= Naomi Wilzig =

American erotic art collector

Naomi Wilzig (December 5, 1934 – April 7, 2015) was an American erotic art collector. She was the founder and director of the World Erotic Art Museum in Miami Beach, Florida, which contains her collection.

==Early years==
Wilzig was one of six children born to real estate developer H. Jerome Sisselman, known as the Hackensack Meadowlands czar, who amassed a large tract of land to build Berry’s Creek Center. Wilzig was born in Newark, New Jersey in 1934. Wilzig graduated from Weequahic High School in Newark, and attended New Jersey’s Montclair State Teachers College, currently Montclair State University. In the early 1950s she married Siggi Wilzig, an Auschwitz survivor and an early leader of the U.S. Holocaust Museum, as well as president of the Trust Company of New Jersey until his death in 2003. The Wilzigs lived most of their married life in Clifton, New Jersey, and had three children: Ivan, Alan, and Sherry. In 2005, following her husband's death in 2003, Wilzig moved to Miami Beach, Florida.
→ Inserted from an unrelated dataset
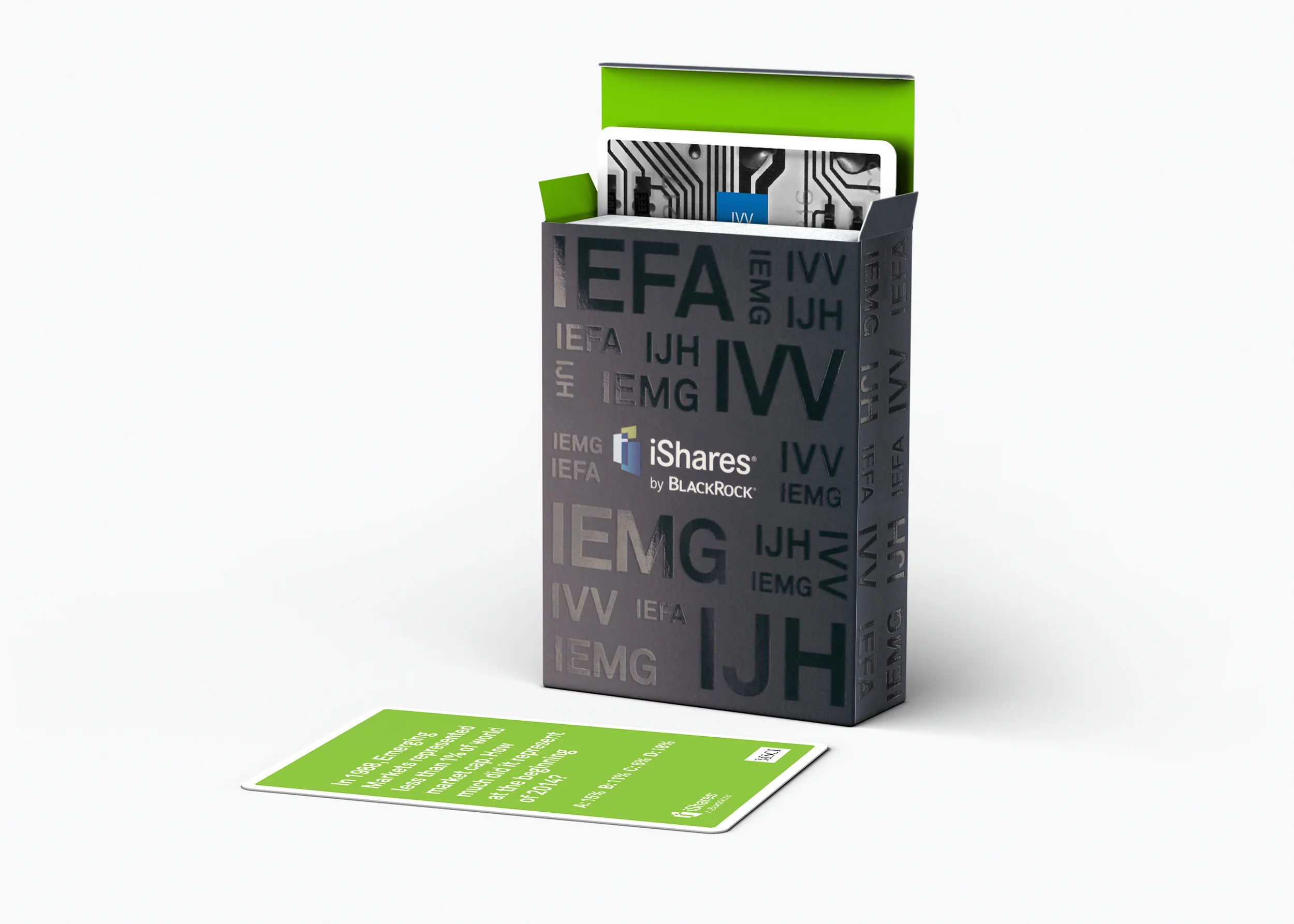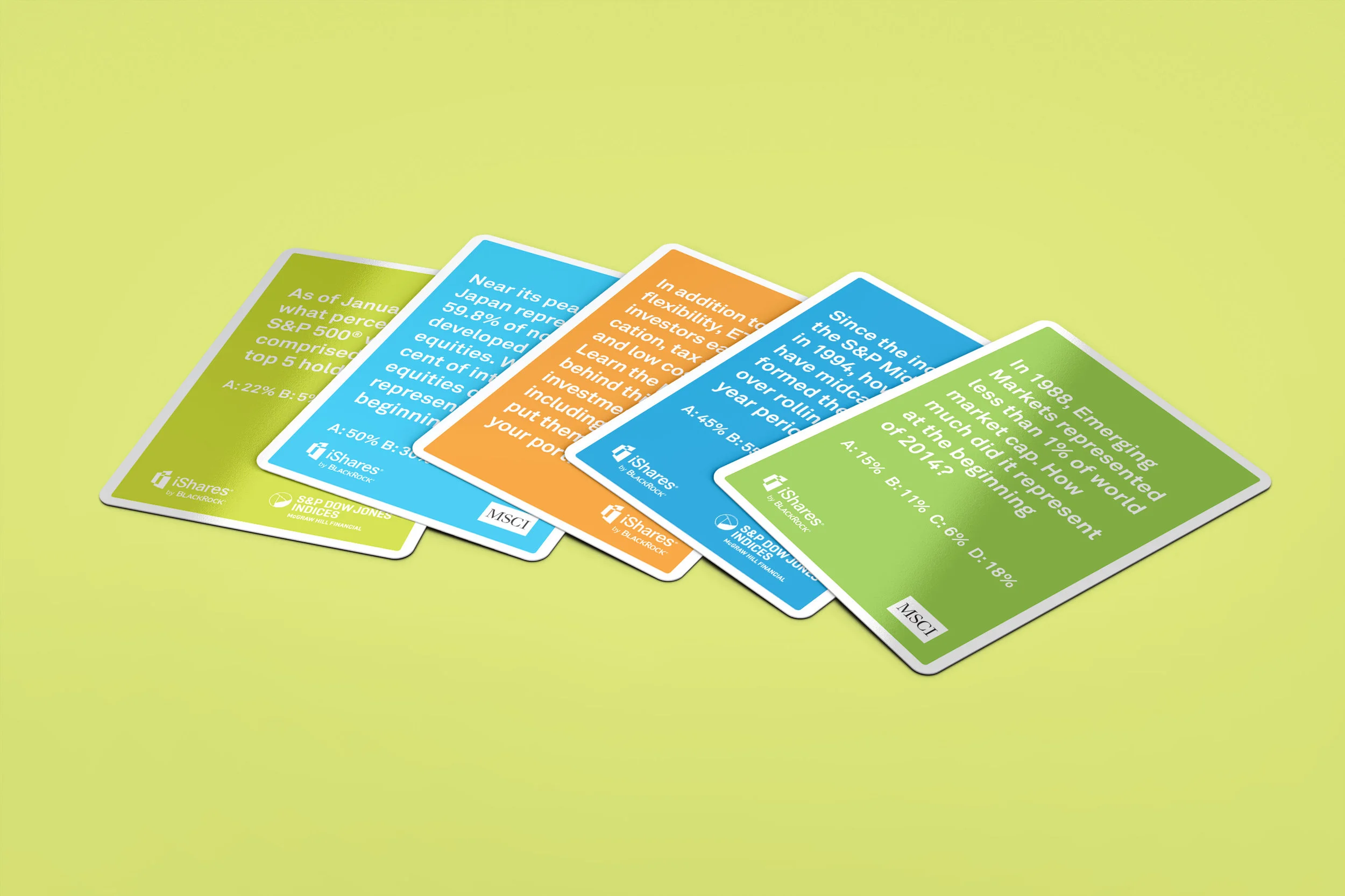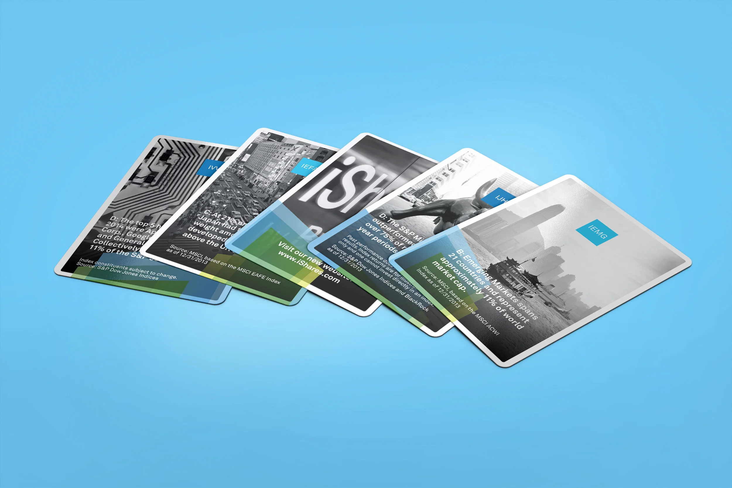 I created a fun and unique event give away item promoting the iShares suite of exchange traded funds. Each card was a quiz directing participants to an online promotion encouraging them to learn more. The cards were used as a direct mail campaign and given away at trade shows and events throughout the year.

==The collector and the museum==
In 1983 Wilzig began collecting erotic art for herself. Between 2003 and 2005 she accumulated more than 4,000 pieces from around the world. Her personal collection became the base of the World Erotic Art Museum, which opened in 2005. The collection includes "Kama Sutra temple carvings from India, peek-a-boo Victorian figurines that flash their booties, and a prop from the sexual thriller 'A Clockwork Orange'".

==Civic activism==
Numerous organizations have benefited from the insight and service of Wilzig. She served at the helm of many of them: as Founder and a Lifetime Member of Hadassah Hospital in Jerusalem, Israel; as a member of the Israel Bonds’ President’s Club; as founder of the Wilzig Hospital Center in Jersey City, N.J.; and the Parents Association of Cardozo Law School of Yeshiva University. She was a Lifetime Member of the Congregation Adas Israel Synagogue in Passaic, N.J., and held the distinction of being the only woman ever honored as Woman of the Year by the Synagogue. Naomi was also a Lifetime Member of the Florida Holocaust Museum in Saint Petersburg. Naomi was also on board of directors of the Holocaust Memorial of the Greater Miami Jewish Federation, Life Member and Director of Daughters of Miriam Center for the Aged, and a member of the American Association of Museums.

==Honors==
In 2006, on the first anniversary of WEAM, Wilzig was honored with the Key to the City of Miami Beach. In 2011, the City of Miami Beach proclaimed October 16 "World Erotic Art Museum Day" in honor of Wilzig's museum's fifth anniversary.

On October 16, 2010, the city of Miami Beach issued a Proclamation declaring the day "World Erotic Art Museum Day," commemorating the fifth anniversary of the museum. On May 12, 2011, The Institute for Advanced Study of Human Sexuality presented Wilzig with "Doctor of Arts Honors Causa Sexuality/Erotology." On October 16, 2011, the city of Miami Beach issued a proclamation declaring it Naomi Wilzig Day at her public investiture of her doctorate degree ceremony.

On May 12, 2011, the Institute for Advanced Study of Human Sexuality presented Wilzig with "Doctor of Arts Honors Causa Sexuality/Erotology." In 2011 she was chosen as Business Person of the year by the Miami-Dade Gay & Lesbian Chamber of Commerce.